== RECORD EXCERPTS ==

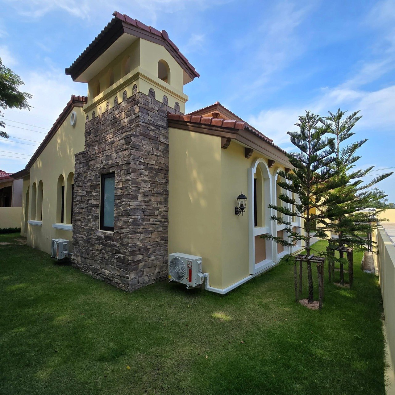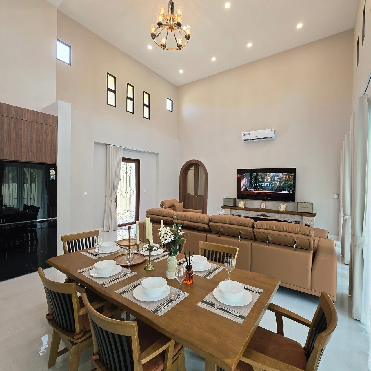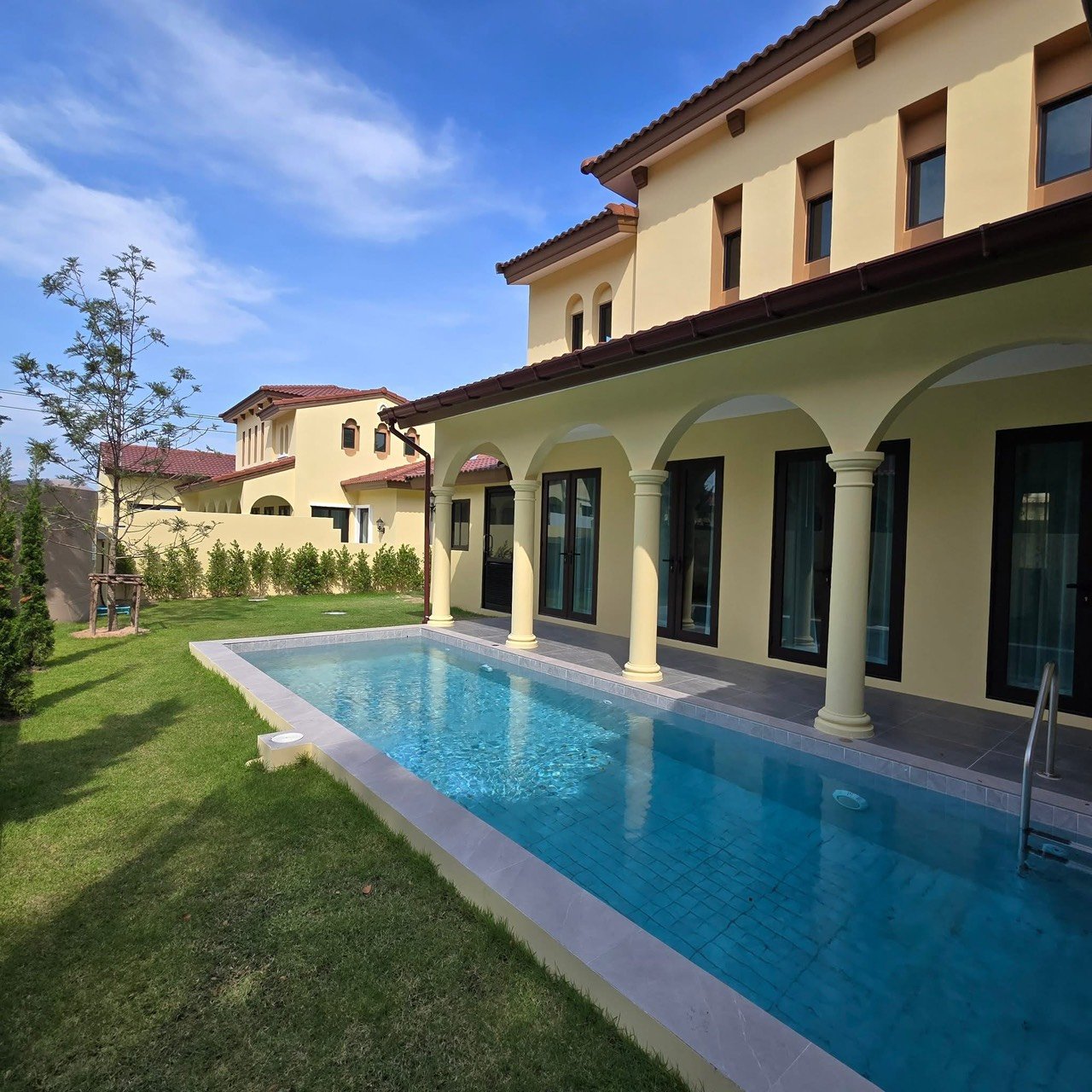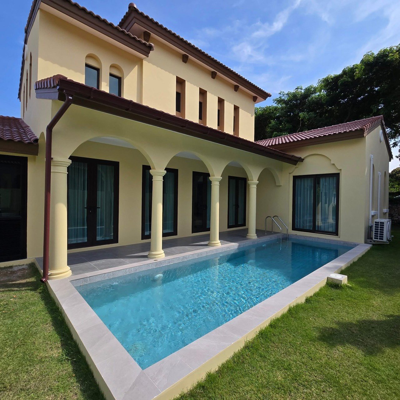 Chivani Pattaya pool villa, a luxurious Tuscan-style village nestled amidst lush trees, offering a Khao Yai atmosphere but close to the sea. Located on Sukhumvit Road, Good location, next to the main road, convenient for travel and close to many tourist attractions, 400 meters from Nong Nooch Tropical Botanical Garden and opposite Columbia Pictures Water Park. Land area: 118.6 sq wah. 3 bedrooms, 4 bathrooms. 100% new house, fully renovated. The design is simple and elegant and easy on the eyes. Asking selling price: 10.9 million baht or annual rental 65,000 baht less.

===
== RECORD EXCERPTS ==

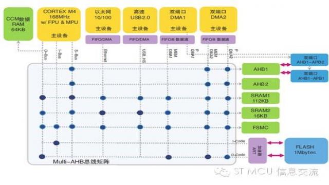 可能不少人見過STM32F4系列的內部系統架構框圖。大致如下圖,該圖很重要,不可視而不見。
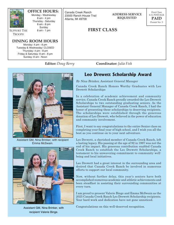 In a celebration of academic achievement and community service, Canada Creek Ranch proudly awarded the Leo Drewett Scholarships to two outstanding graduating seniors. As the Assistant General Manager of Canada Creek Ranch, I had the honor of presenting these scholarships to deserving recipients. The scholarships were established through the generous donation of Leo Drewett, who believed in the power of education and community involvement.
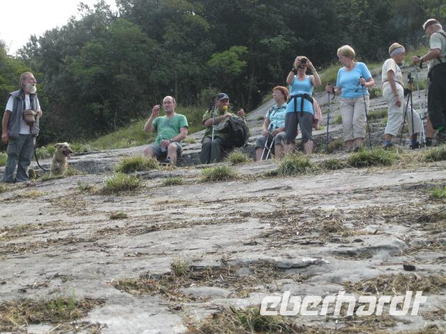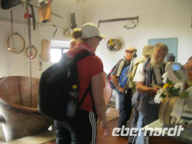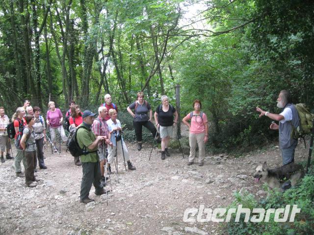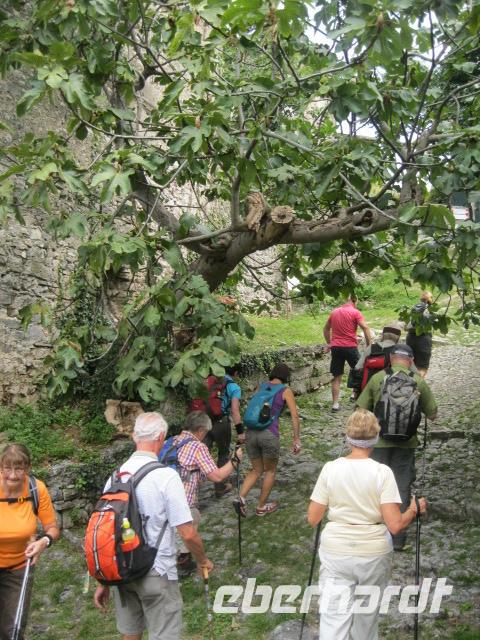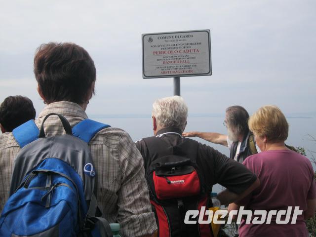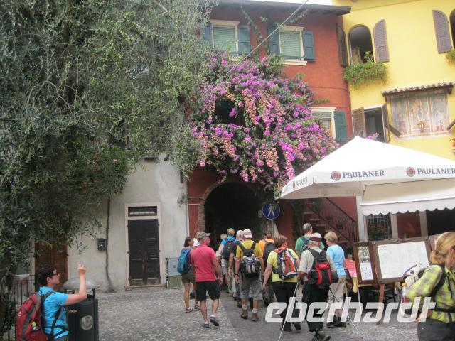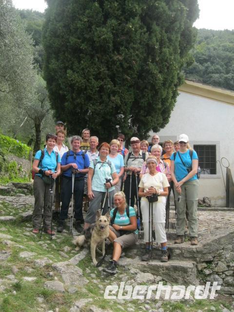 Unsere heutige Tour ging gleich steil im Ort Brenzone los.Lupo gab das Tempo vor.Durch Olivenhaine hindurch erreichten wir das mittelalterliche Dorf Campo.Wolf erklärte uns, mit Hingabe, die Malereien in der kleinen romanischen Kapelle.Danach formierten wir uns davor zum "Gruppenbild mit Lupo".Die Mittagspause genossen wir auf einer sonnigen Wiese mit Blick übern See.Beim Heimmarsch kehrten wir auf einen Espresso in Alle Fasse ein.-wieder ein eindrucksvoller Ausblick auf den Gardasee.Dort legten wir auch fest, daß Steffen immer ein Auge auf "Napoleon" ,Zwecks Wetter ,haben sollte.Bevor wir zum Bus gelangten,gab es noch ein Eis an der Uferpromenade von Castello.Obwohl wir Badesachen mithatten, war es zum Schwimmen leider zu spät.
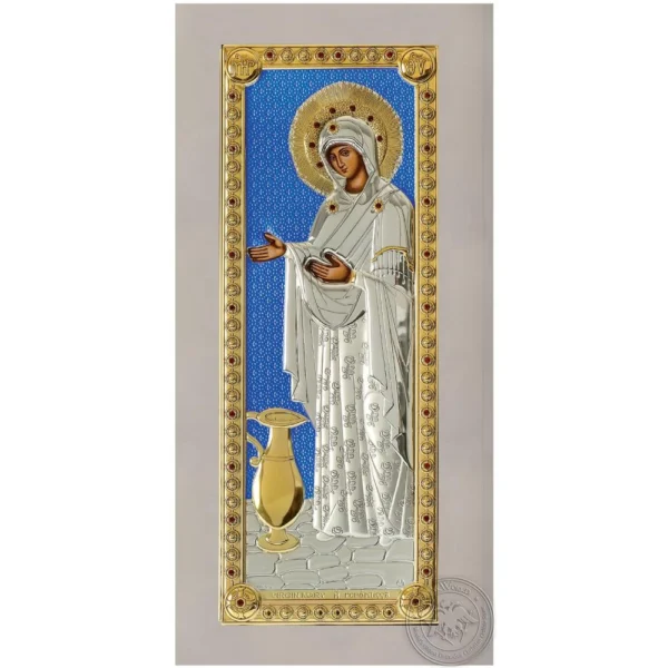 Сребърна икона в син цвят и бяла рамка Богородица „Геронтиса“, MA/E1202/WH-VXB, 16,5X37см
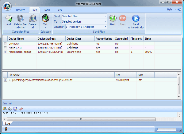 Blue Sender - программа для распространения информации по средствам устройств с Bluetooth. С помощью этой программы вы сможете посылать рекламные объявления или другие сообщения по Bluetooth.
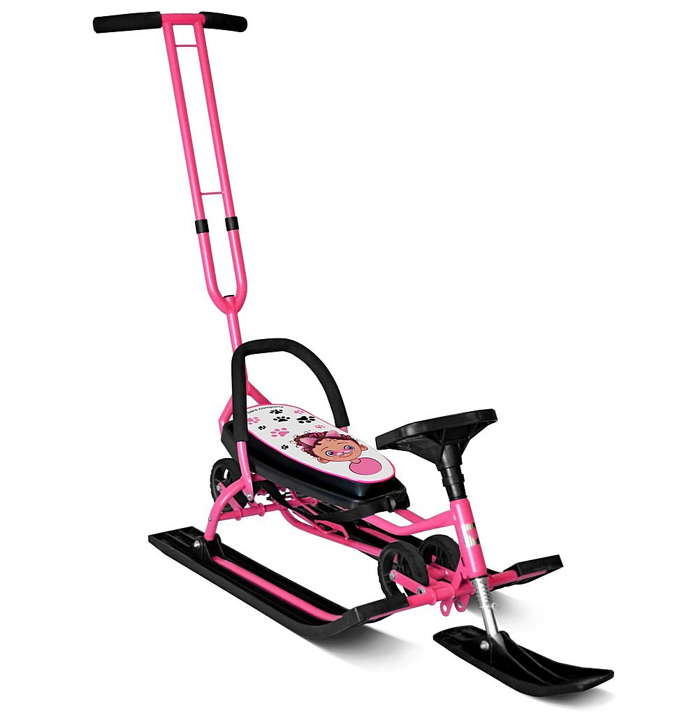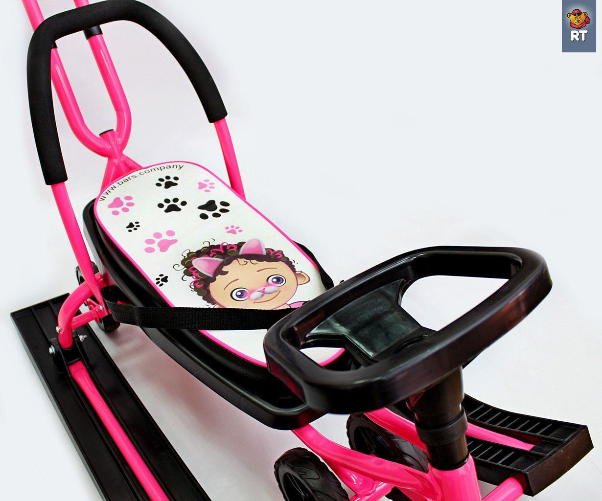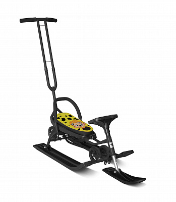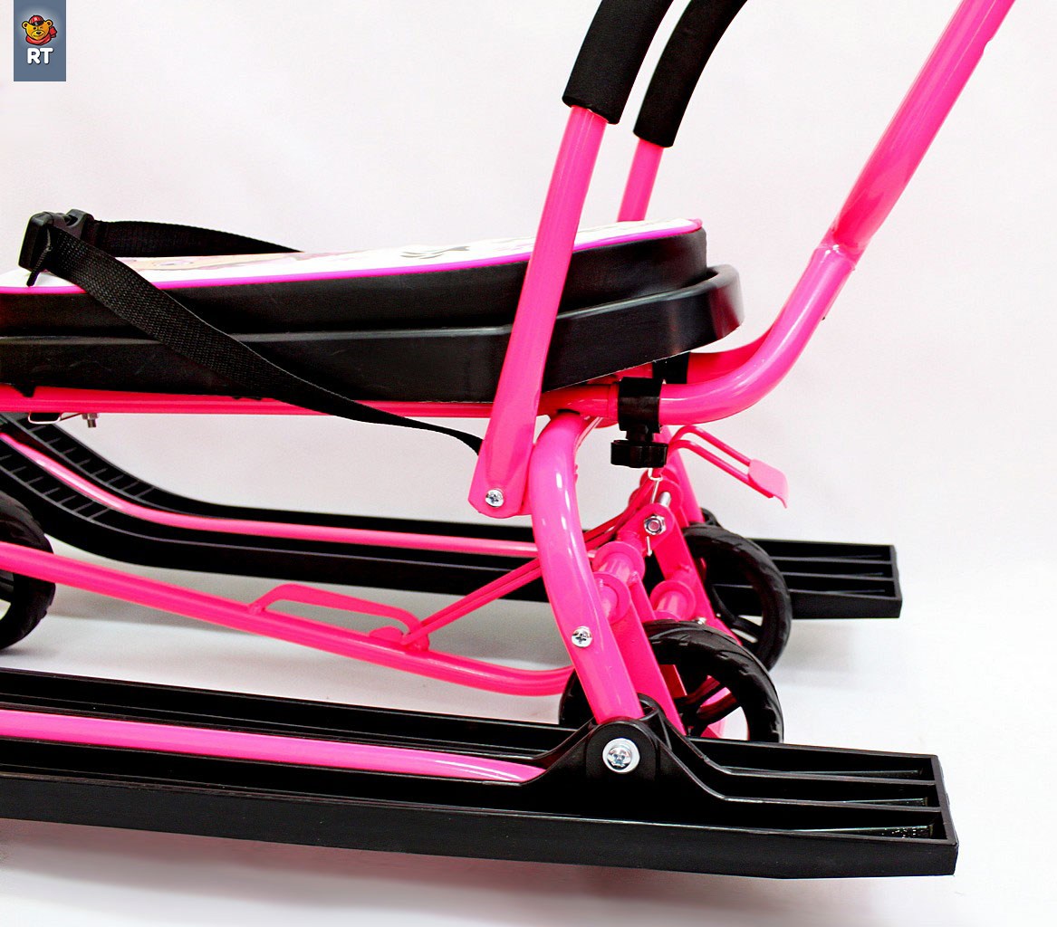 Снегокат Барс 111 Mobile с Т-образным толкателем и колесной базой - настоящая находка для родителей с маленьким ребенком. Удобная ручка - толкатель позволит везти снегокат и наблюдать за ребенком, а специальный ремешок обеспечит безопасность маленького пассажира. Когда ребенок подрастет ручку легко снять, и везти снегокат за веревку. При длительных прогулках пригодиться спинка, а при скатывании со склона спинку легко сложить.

===

The output is the stretch above from the line with "可能不少人見過STM32F4" through the line with "In a celebration", copied word for word with both ends kept and every picture dropped.

 可能不少人見過STM32F4系列的內部系統架構框圖。大致如下圖,該圖很重要,不可視而不見。
 In a celebration of academic achievement and community service, Canada Creek Ranch proudly awarded the Leo Drewett Scholarships to two outstanding graduating seniors. As the Assistant General Manager of Canada Creek Ranch, I had the honor of presenting these scholarships to deserving recipients. The scholarships were established through the generous donation of Leo Drewett, who believed in the power of education and community involvement.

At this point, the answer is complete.